WikiLeaks and Rambam? Yes, there is a connection!
WikiLeaks' stated goal "is in exposing oppressive regimes in Asia, the former Soviet bloc, Sub-Saharan Africa and the Middle East, but we also expect to be of assistance to people of all regions who wish to reveal unethical behaviour in their governments and corporations." That sounds reasonable, but one does receive the impression that the fundamental value guiding WikiLeaks, and certainly many of its supporters, is that all information should be available to everybody - in particular, sensitive information about national politics and security.

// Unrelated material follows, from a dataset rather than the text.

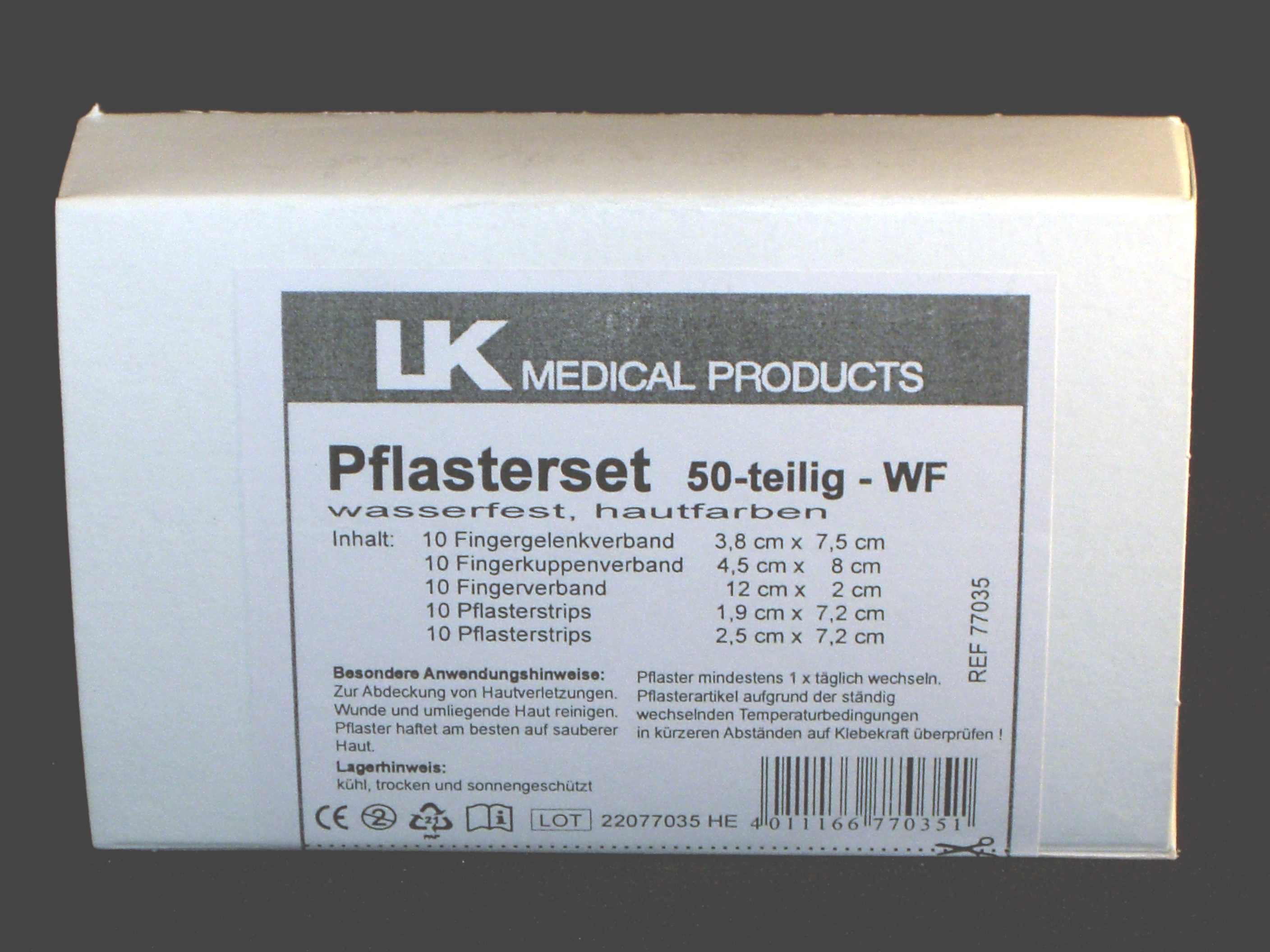 Inhalt bestehend aus: 10 x Fingergelenkverbände 3,8x7,5cm, 10 x Fingerverbände 12x2cm, 10 x Fingerkuppenverbände 4,5x8cm,

But many people - and I mean fine, democratic people - consider this to be a harmful enterprise. It is understood that even governmental bodies who have the best interests of the people in mind will sometimes have to conceal certain information. Sometimes this is for the sake of national security, sometimes for diplomatic objectives, and sometimes for the peace of mind and well-being of the citizens. Of course there are countless benefits of an open society with free speech, but, like everything else, you can have too much of a good thing. Not every truth is beneficial for everybody, and caution must always be exercised.

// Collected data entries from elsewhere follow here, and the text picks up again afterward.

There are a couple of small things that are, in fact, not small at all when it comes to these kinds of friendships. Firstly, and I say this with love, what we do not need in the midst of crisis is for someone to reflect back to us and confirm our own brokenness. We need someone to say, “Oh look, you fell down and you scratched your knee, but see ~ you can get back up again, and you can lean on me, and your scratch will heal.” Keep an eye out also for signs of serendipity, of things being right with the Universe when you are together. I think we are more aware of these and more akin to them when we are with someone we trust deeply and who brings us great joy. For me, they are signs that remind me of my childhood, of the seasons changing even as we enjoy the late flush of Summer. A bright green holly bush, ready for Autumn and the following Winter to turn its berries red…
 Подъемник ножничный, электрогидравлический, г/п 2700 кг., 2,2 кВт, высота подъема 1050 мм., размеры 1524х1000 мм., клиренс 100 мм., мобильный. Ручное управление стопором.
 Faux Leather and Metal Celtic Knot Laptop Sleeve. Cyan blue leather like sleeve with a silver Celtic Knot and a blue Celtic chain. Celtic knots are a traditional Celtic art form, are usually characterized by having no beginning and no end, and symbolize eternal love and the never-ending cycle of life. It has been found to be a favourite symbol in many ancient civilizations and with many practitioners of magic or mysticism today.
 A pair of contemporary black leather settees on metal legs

This is a fundamental dynamic of Rambam's thought. Rambam broadly divides everybody into two classes: the elite and the masses. There are certain philosophical truths which are important and beneficial for the sophisticated elite to know, but which would be harmful to the unsophisticated masses and which should therefore be concealed. This attitude often provokes a visceral reaction, and there is certainly legitimate concern about who is entitled to make such judgments for others. However, the underlying idea - that not all true information is beneficial to all people - is surely correct.